Weisi Song wonders what happens when there’s a seeming conflict between local photo storage and a desire to upload images at full resolution to another cloud-hosting service—in this case, Amazon Cloud Drive:
When I check my iCloud photo settings, I saw it was set at Optimize iPhone Storage. Now I wonder if the pictures i uploaded to Amazon Cloud Drive are not in full resolution.
It’s all in the. Time.
Ing.
As the old joke goes. If you have Amazon Photos for iOS set to upload media automatically, there’s are several separate issues.
If you take a photo with your iPhone (or other iOS device) camera, iOS doesn’t downsample or optimize images or video until it’s uploaded it to iCloud Photo Library and the storage is needed on the iOS device. It’s very likely that your photos will be uploaded to Amazon Cloud Drive before both conditions are met.

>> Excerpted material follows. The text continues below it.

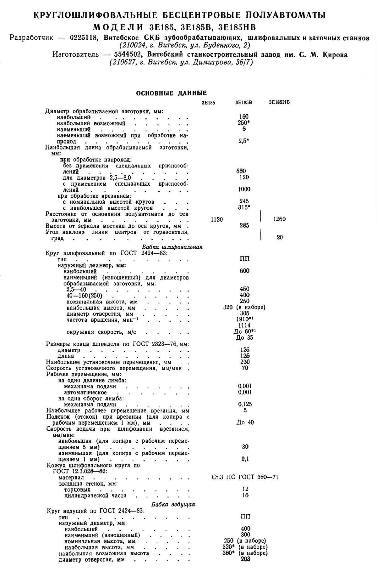 Виробник безцентрового круглошліфувального верстата 3Е185 – Вітебський верстатобудівний завод Вістан , заснований у 1914 році.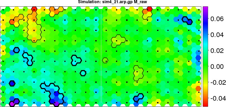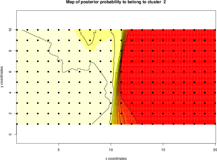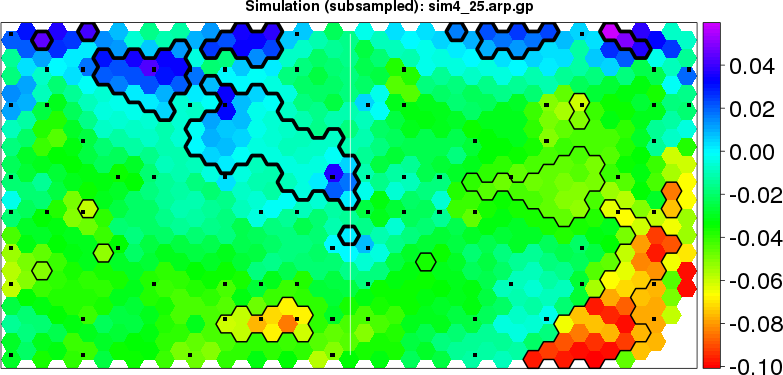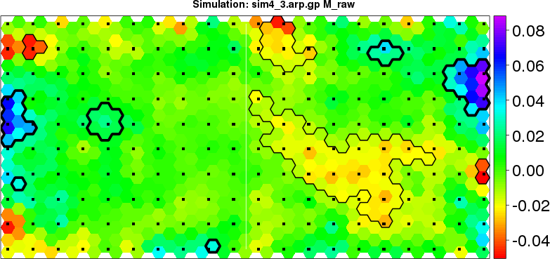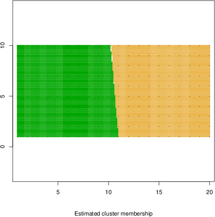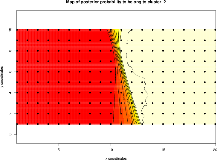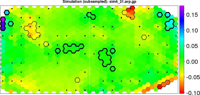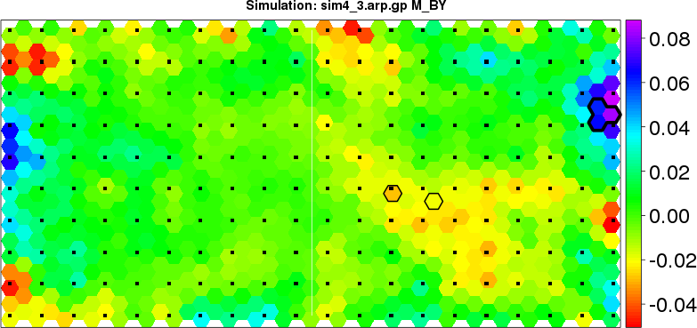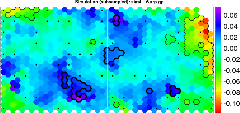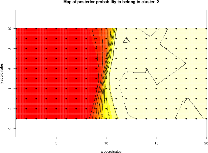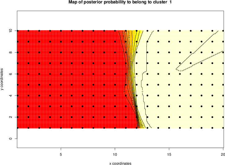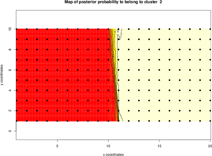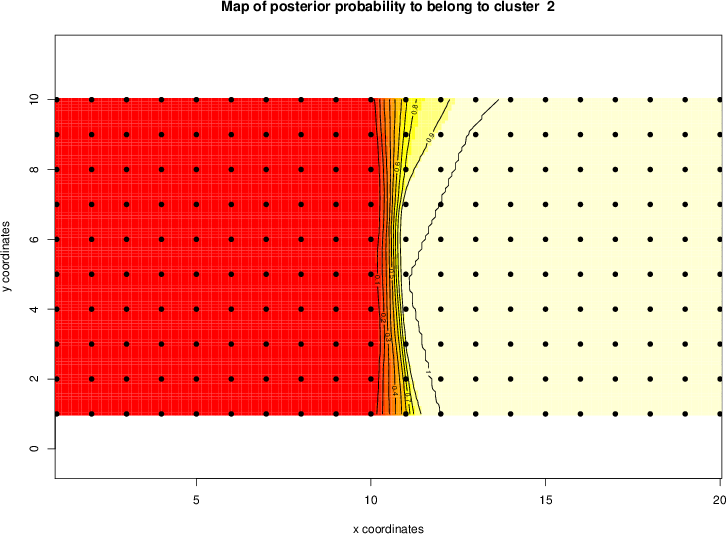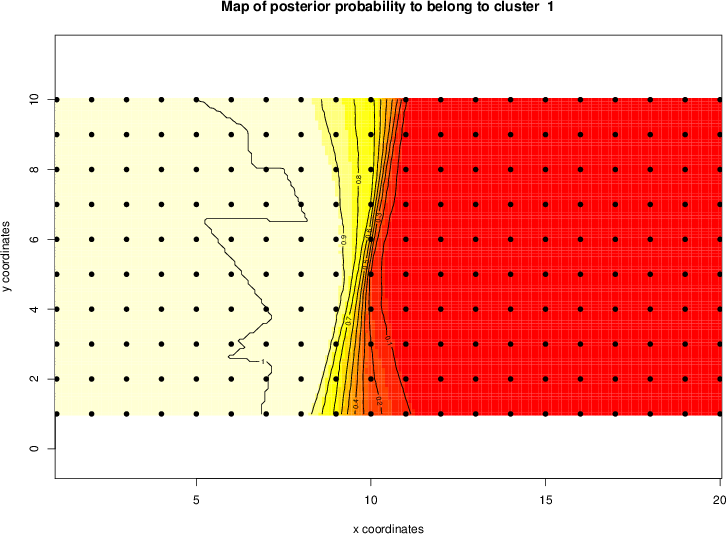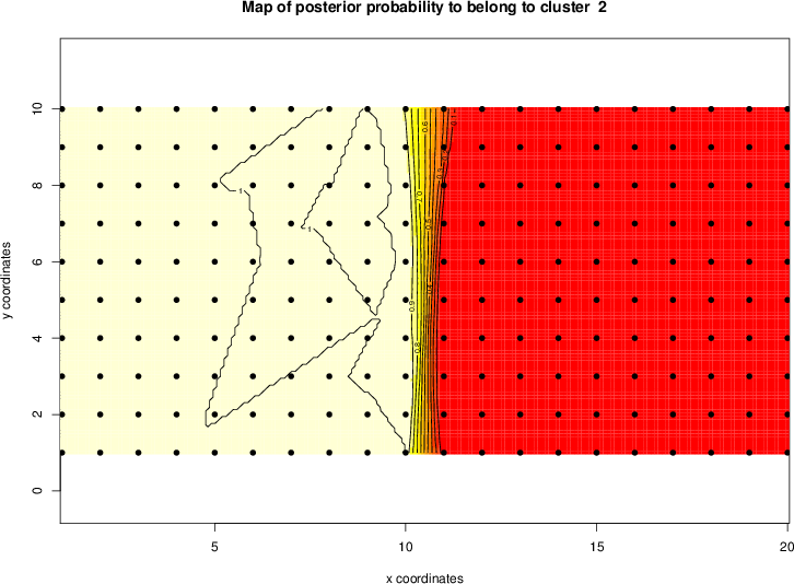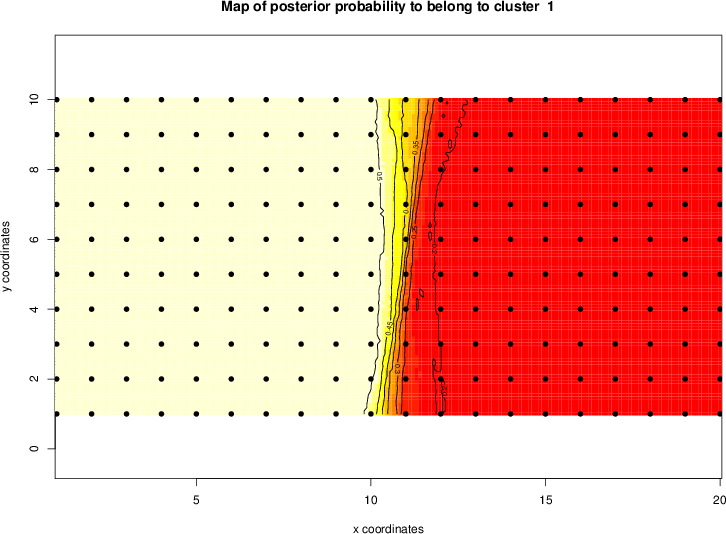 Simulated data | Geographical plots of weighted mean of all ellipse values (i.e., individual genetic distances ar of Rousset 2000) and significant barrier (cells with differentiation values higher than expected under a random distribution (no FDR applied) are materialized with thick black borders) | Idem, Benjamini-Yekutieli FDR applied | MAPI analysis (no FDR applied) with subsampled (75/200) dataset | MAPI analysis (Benjamini-Yekutieli FDR applied) with subsampled (75/200) dataset | Best probability memberships | Probability memberships for cluster 1 | Probability memberships for cluster 2 | Probability memberships for cluster 3 | Probability memberships for cluster 4 | Probability memberships for cluster 5 | Best probability memberships | Probability memberships for cluster 1 | Probability memberships for cluster 2 | Probability memberships for cluster 3 | Probability memberships for cluster 4 | Probability memberships for cluster 5 | Scatter plot showing the first two components of the DAPC (when K*>2) or density plot showing the first principal component of the DAPC (when K*=2) | Probability memberships for cluster 1 | Probability memberships for cluster 2 | Probability memberships for cluster 3 | Probability memberships for cluster 4 | Probability memberships for cluster 5 | Scatter plot showing the first two components of the DAPC (when K*>2) or density plot showing the first principal component of the DAPC (when K*=2) | Probability memberships for cluster 1 | Probability memberships for cluster 2 | Probability memberships for cluster 3 | Probability memberships for cluster 4 | Probability memberships for cluster 5 |

However, Amazon’s app only uploads videos when you’re connected to Wi-Fi. So it’s possible that the timing would be such that your iPhone would have uploaded the full-resolution version of the video over mobile (if you’re set to allow that), need the storage and optimize the version stored locally before it’s uploaded to Amazon.
Amazon notes explicitly in its help instructions for its iOS app that if you have iCloud Photo Library enabled with optimization turned on, “…your iOS photos may not be uploaded to Cloud Drive.” Note the “may”! Any images you’ve downloaded (by tapping to view) that weren’t stored on the iOS device can wind up on Amazon’s cloud service, too, but it can’t force that process.
One option is to disable iCloud Photo Library entirely, rely on Amazon Cloud Drive, and then regularly copy your images via Photos to a Mac for backup purposes—and delete them from your phone after you’ve imported them to the Mac. This requires more effort but lets you switch entirely to Amazon Cloud Drive.
It’s unclear whether Weisi wants to avoid paying for additional iCloud storage, too. Amazon charges just $12 a year for unlimited photo storage (free with an Amazon Prime subscription) and up to 5GB of other file storage (including videos) or $60 a year for unlimited storage of everything. iCloud (billed monthly) is $12 a year for 50GB, $36 a year for 200GB, and $120 a year for 1TB. Amazon’s option is cheaper (or free for Prime) if you plan to store mostly photos; Apple’s is cheaper until you pass its 200GB storage tier if you’ve got more than 5GB of videos or other files.